Who is up for a fishing adventure?


----------



## KMixson (May 26, 2017)

I would like a get together. I went to Dale Hollow for that get together and it was fun. We need to do it again.


----------



## Jim (May 26, 2017)

Lets do it!


----------



## Crazyboat (May 26, 2017)

I'm in NJ, I'm willing. Yeah this is going to happen.


----------



## Stumpalump (May 26, 2017)

Vegas Baby!


----------



## Riverman (May 26, 2017)

So hard to find a place central to everyone.


----------



## Captain Ahab (May 27, 2017)

Riverman said:


> So hard to find a place central to everyone.




Well all we need is a place mot people will go.

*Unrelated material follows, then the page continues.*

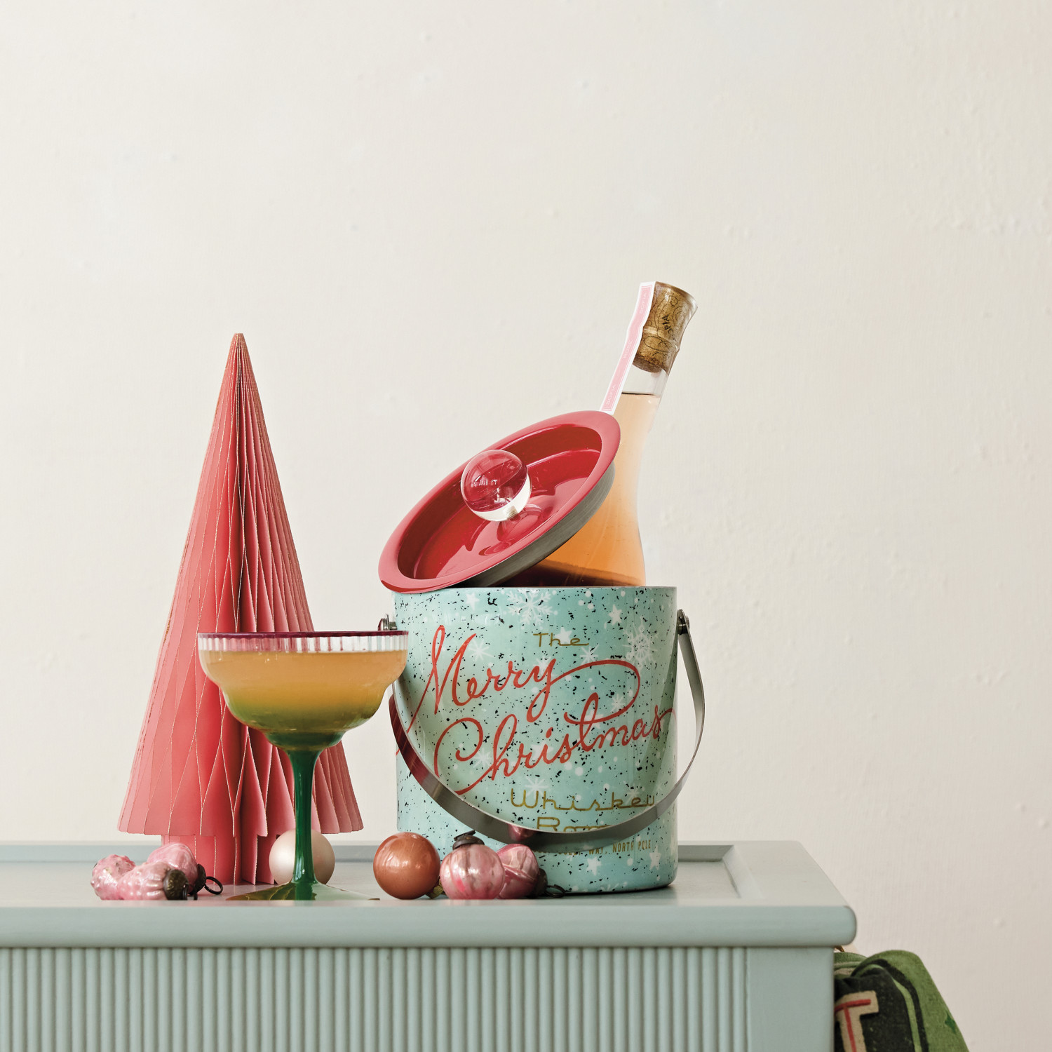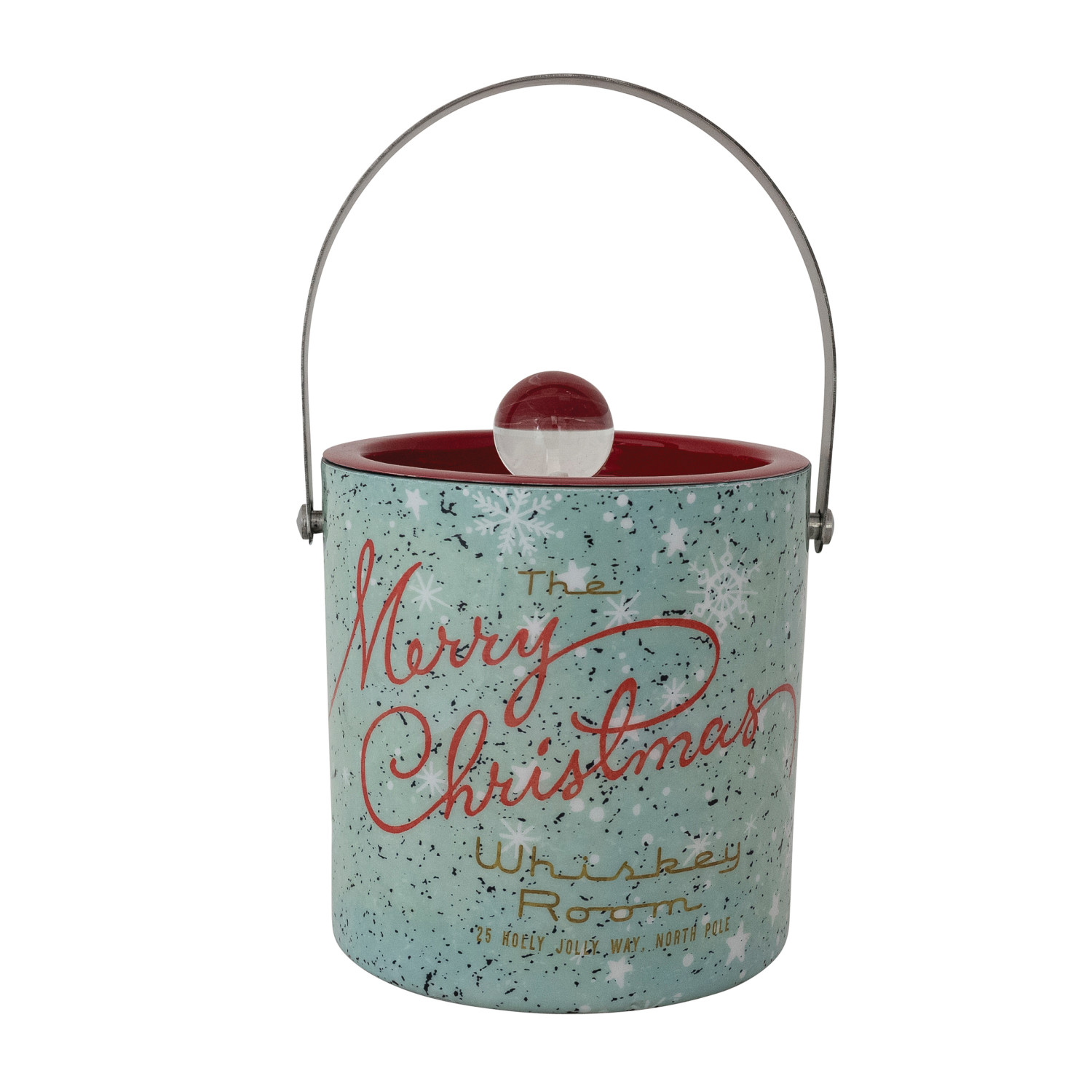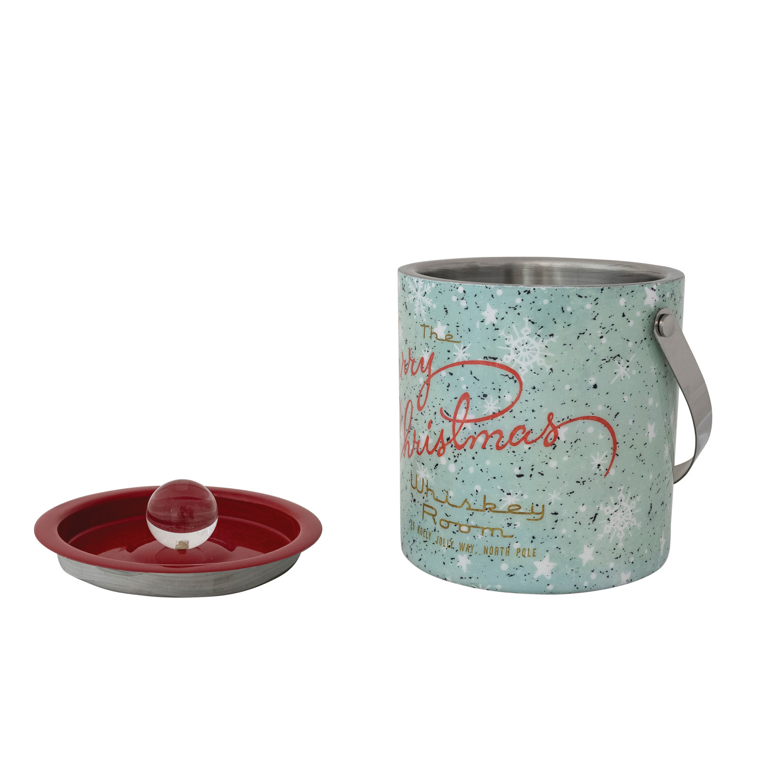 Catalog Name: 6" Round x 7-1/4"H 1-1/2 Quart Enameled Stainless Steel Ice Bucket w/ Snowflakes, Red Lid & Glass Knob "The Merry Christmas...", Multi Color & Nickel Finish ©

I like the idea of the south for big bass or Wisconsin area for essox


----------



## Johnny (May 27, 2017)

the Sign Crafters have similar get-togethers quite often.
someone volunteers a shop with lots of room and about 
60-175 fellow craftsmen deluge on his/her shop for a weekend.
usually it is somewhere in Florida in the mid of winter and up North
in the US or Canada for the hotter months. Austrailia often kicks in also.

so - we just need a "volunteer" with lots of parking space.
several available boats for those that can't bring one
and has lots of extra rods and tackle boxes to support the cause.
then - notify as many potential sponsors as possible to donate 
all sorts of fishing/boating related products. maybe a new Johnson 25hp
or fully tricked out Ranger boat.

_THAT_ is how a fishing get-together should be done !!

jus my Dos Centavos



.


----------



## PATRIOT (May 27, 2017)

Stumpalump said:


> Vegas Baby!


*Willow Beach and the Hot Springs . . . Lake Mead Recreation Area!*


----------



## Captain Ahab (May 28, 2017)

I thought Lake Meade has all sort of special restrictions on boats?


----------



## PATRIOT (May 28, 2017)

Captain Ahab said:


> I thought Lake Meade has all sort of special restrictions on boats?


As long as it floats, you can run it.
Only issue now is that it's so low, it's impossible to go upstream into the Grand Canyon.


----------



## LDUBS (May 28, 2017)

PATRIOT said:


> Captain Ahab said:
> 
> 
> > I thought Lake Meade has all sort of special restrictions on boats?
> ...



I hear it is infested with quagga mussels. I was at hoover dam late last year. Water looked like it was down well over 100', but it is a huge lake and there is still a lot of boating happening.


----------



## gnappi (May 30, 2017)

I think Memphis is the all around central location for everyone on both coasts, north and south. But, leaving Florida is not in the cards for me. Too many fish, too many lakes, not enough time.


----------



## evidrine84 (May 31, 2017)

How many members are there in each state? May be worth looking into an annual state by state get together. 

Sent from my HTC One using Tapatalk


----------



## Captain Ahab (Jun 1, 2017)

evidrine84 said:


> How many members are there in each state? May be worth looking into an annual state by state get together.
> 
> Sent from my HTC One using Tapatalk




yes


----------